Location
- Country: Canada
- Province: British Columbia
- District: Range 2 Coast Land District

Physical characteristics
- Source: Pacific Ranges
- • location: Coast Mountains
- • coordinates: 51°22′24″N 126°8′45″W﻿ / ﻿51.37333°N 126.14583°W
- • elevation: 1,495 m (4,905 ft)
- Mouth: Kingcome River
- • coordinates: 51°18′40″N 126°12′37″W﻿ / ﻿51.31111°N 126.21028°W
- • elevation: 207 m (679 ft)
- Length: 11 km (6.8 mi)

Basin features
- Topo map: NTS 92M8 Catto Creek

= Charnaud Creek =

Tribuatary stream in the country of Canada

Charnaud Creek is a tributary of the Kingcome River in central coast region of the province of British Columbia, Canada. It flows generally south and southwest for roughly 11 km to join the upper Kingcome River. The mouth of Charnaud Creek is located about 124 km south of Bella Coola, about 157 km north of Campbell River, and about 317 km northwest of Vancouver.

Charnaud Creek is in the traditional territory of the Kwakwakaʼwakw Dzawada̱'enux̱w First Nation.

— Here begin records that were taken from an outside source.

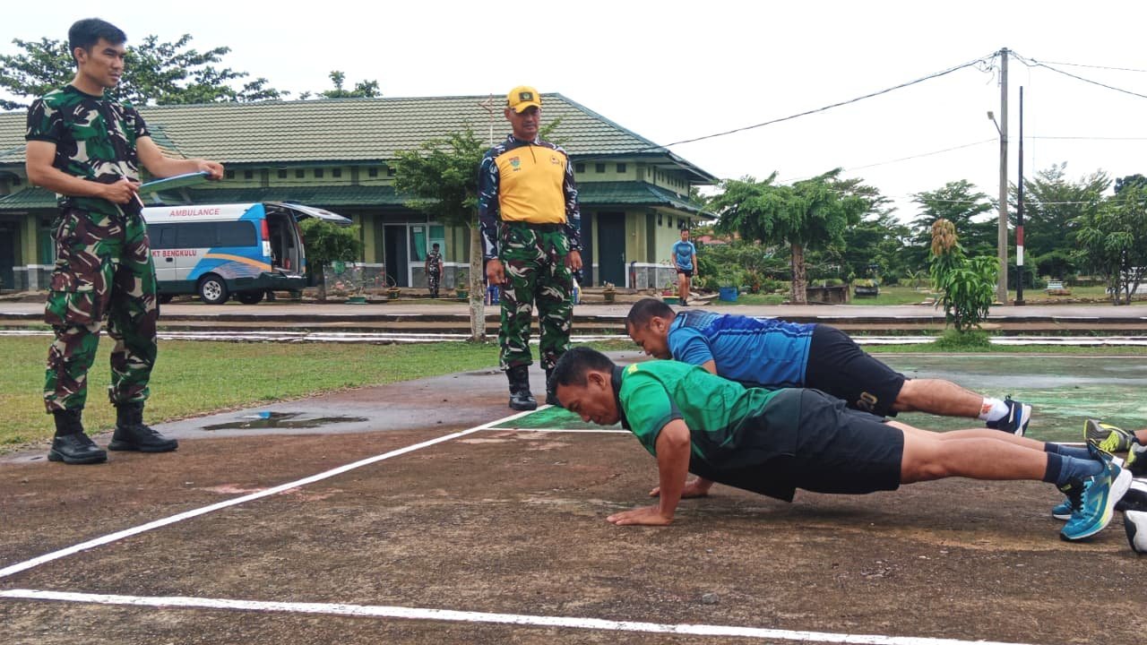 Pelaksanaan tes kesegaran jasmani di Ikuti oleh anggota staf, koramil jajaran, dengan dibagi dua gelombang.
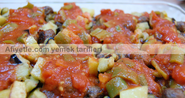 Eti 1-1,5 santimetreküp irilikte doğrayıp soğanla birlikte kısık ateşte ağzı kapalı olarak suyunu çekene kadar, yaklaşık 30 dakika pişirin. Salça,...
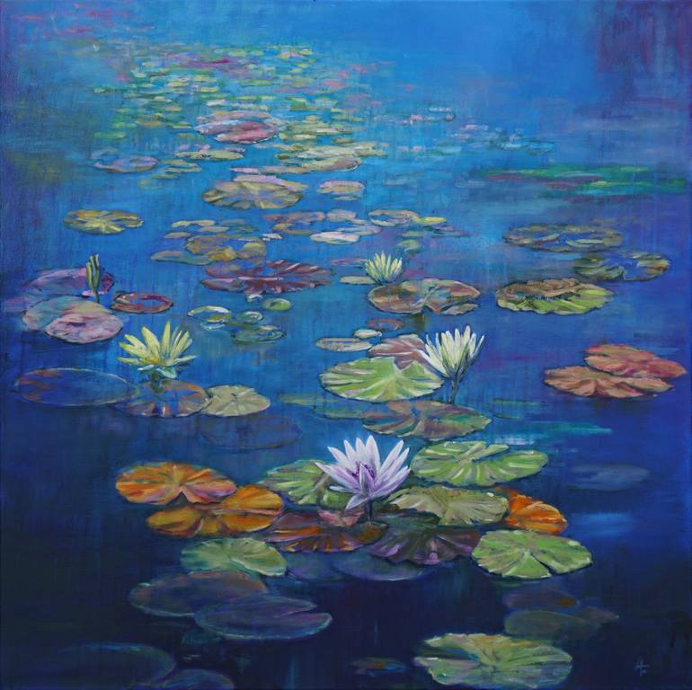 Semi abstract painting of a pond with Water Lilies fading into the distance. I love these beautiful flowers wherever I see them. Of course Monet's beautiful garden at Giverny is an inspiration. I have been trying to do a painting that does them justice, I think I now have.

The creek's name commemorates Lawrence Edward Charnaud, a Royal Canadian Air Force officer who was killed in 1943 during World War II.

==Geography==
Charnaud Creek originates from glaciers of the Ha-Iltzuk Icefield on high peaks south of Silverthrone Mountain. From its source Charnaud Creek flows south and west to the upper Kingcome River. In turn the Kingcome River flows south to empty into the head of the fjord Kingcome Inlet.

==Geology==
At the head of Charnaud Creek is a valley-filling basaltic andesite lava flow originating under glacial ice near the southeastern boundary of the Silverthrone Caldera. It postdates the current topography and is considered to be Holocene in age. The lava flow is in the form of an eroded volcanic outcrop.